While there is a lot of WandaVision‘s trademark existential angst and honesty in episode 9, it does lamentably fall back on the big, showy fights that have come to characterise Marvel finales.

Sure, it’s a staple of the genre, but after eight episodes that delved deep into human psychology, the nature of grief and broken humanity, expressing it all in some supremely clever storytelling, episode 9 felt, a little at least, like an unimaginative return to the same old, same old.

It was impressive and highly visual but emotionally lacking … until, of course, Wanda has bested Agatha whose returned her nemesis to the genial nosiness of her onetime persona of bouyant neighbour Agnes, and Monica, FBI agent Jimmy Woo (Randall Park) and Darcy Lewis (Kat Dennings) have not so much ridden to her rescue as proved to be valuable allies that even a super powerful witch needs.
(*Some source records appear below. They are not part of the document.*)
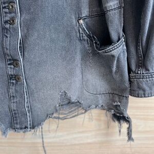 Black distressed denim jacket. Lightweight drapy relaxed fit oversized denim. Longer length.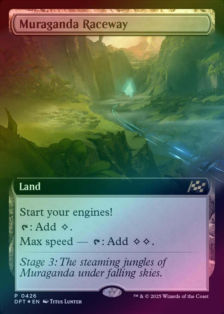 Muraganda RacewayCard Type: LandCard Text: Start your engines! (If you have no speed, it starts at 1. It increases once on each of your turns when an opponent loses life. Max speed is 4.) : Add . Max speed - : Add .Flavour Text: Stage 3: The steaming jungles of Muraganda under falling skies.Artist: Titus Lunter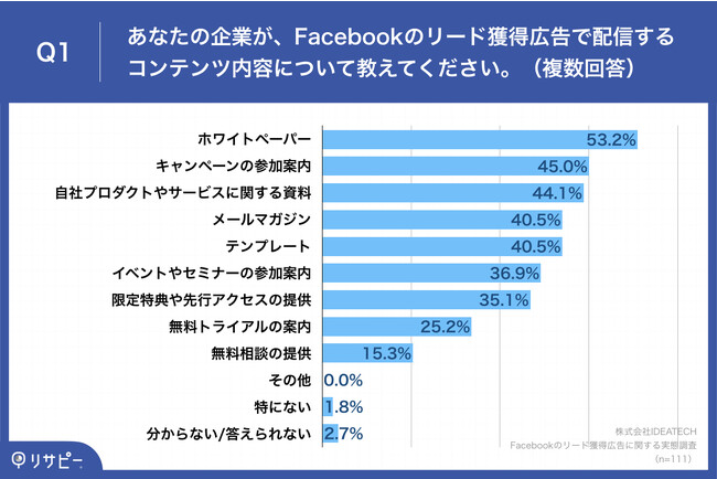 Facebookのリード獲得広告で配信するコンテンツ内容、「ホワイトペーパー」が53.2%で最多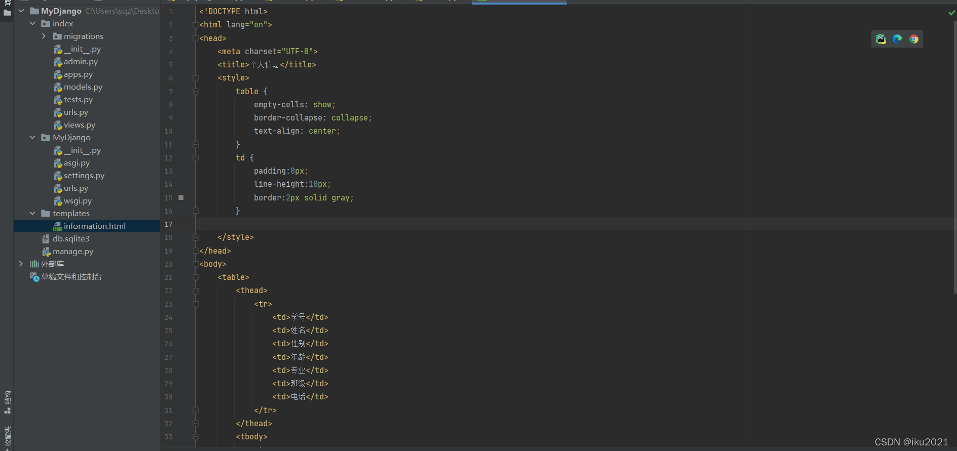 4.在templates目录里创建welcome.html页面,并输入个人信息用表格显示。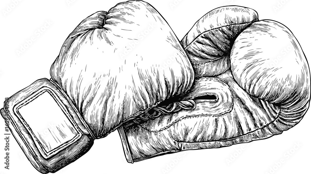 Detailed Sketch Of Vintage Boxing Gloves Showcasing Classic Wallpaper Mural - Decorly Solutions | Decorly Solutions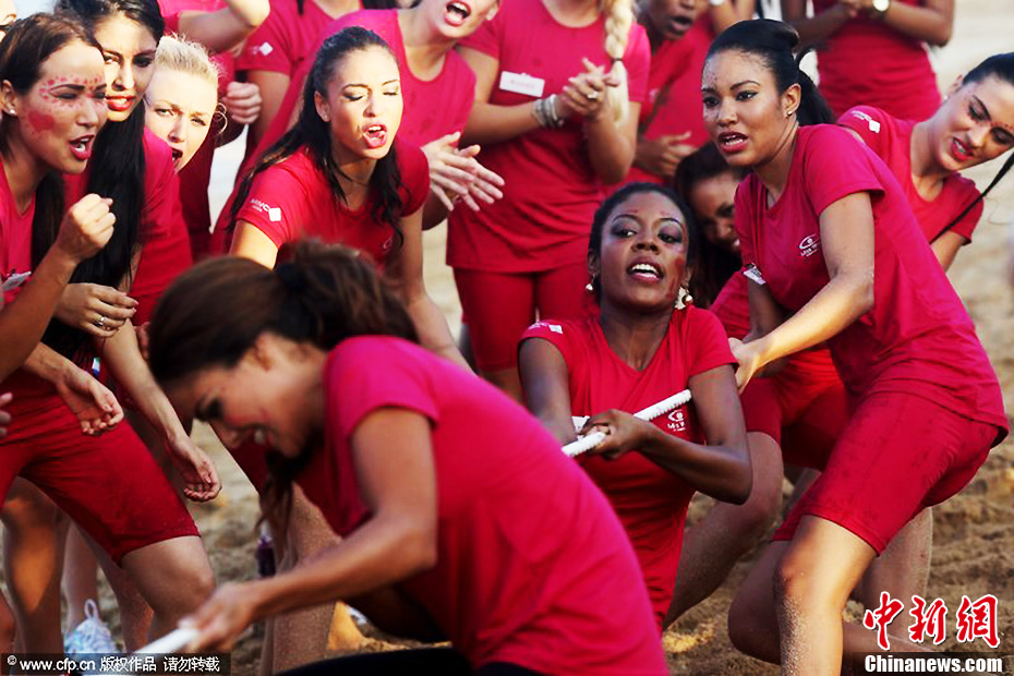 当地时间2013年9月10日,印尼巴厘岛,世界小姐大赛举行,来自各国的美女们在海滩参加竞赛。图片来源:CFP视觉中国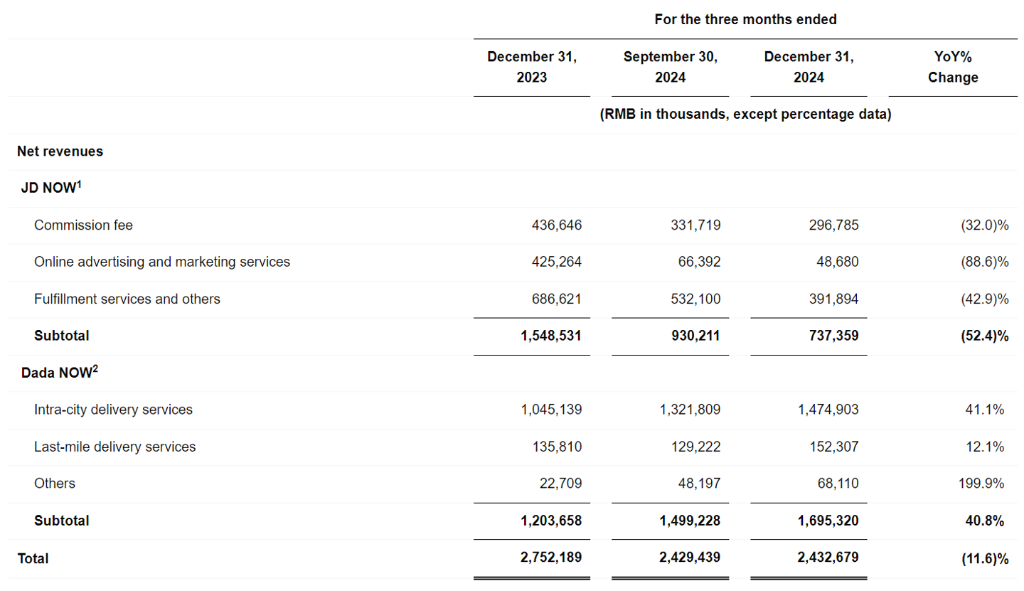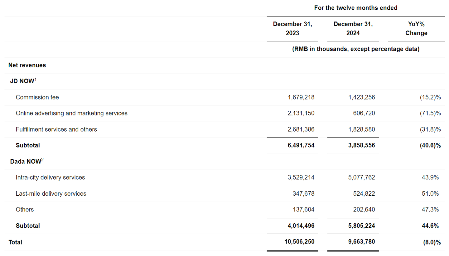 ▲ 即时配送服务的订单量和相应的总营收2024 年,达达集团从 JD NOW(京东秒送)产生的净收入为 38.586 亿元人民币,较 2023 年的 64.918 亿元人民币有所下降,主要由于在线广告和营销服务收入以及履约服务和其他收入下降。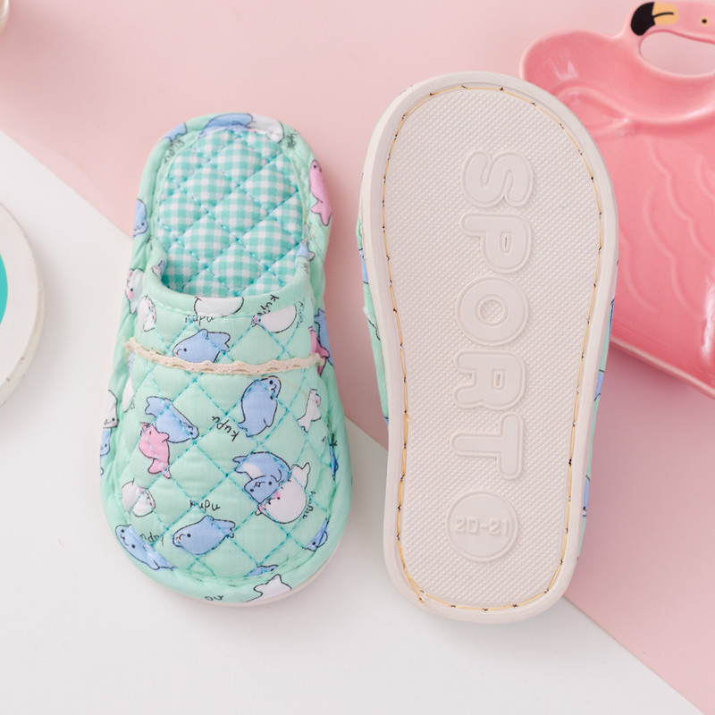 新型春秋冬子供男女赤ちゃん家庭用室内アニメ包頭ゴム底保温布芸綿スリッパ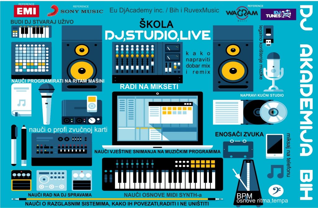 Počinjemo sa teoretskim pedavanjima,završavamo sa live nastupom polaznika, predznanje potrebno u obliku osnova poznavanja rada na računaru. Sva oprema koja će se koristiti u radu i predavanjima je vrhunska oprema.

It’s at this point that WandaVision rips your heart out as Wanda realises she has no choice, now she understands what she has done and why, but to reverse her grief-driven enslavement of Westview and return to the grimly painful, lonely surrounds of the real world.

That erasure of her creation means of course saying goodbye to Vision and her sons who exist only in this artificial construct, and watching her say goodbye to them is some of the most heartfelt, beautiful but agonisingly sad TV you will ever see.

She has in effect lost everything all over again but with the added deep sadness of her new world which promised so much but only at the expense of others’ pain which Wanda could no longer abide.

So, now, of course, Wanda is alone in a small cabin, biding her time, and steeping herself in the DarkHold or Book of the Damned, preparing for further adventures in the MCU though without the weight of grief which WandaVision eloquently and with great empathy and humanity showed is necessary but destructive is not faced up to and dealt with in a timely manner.

As TV shows of any genre go, this is going to be a very hard one to beat.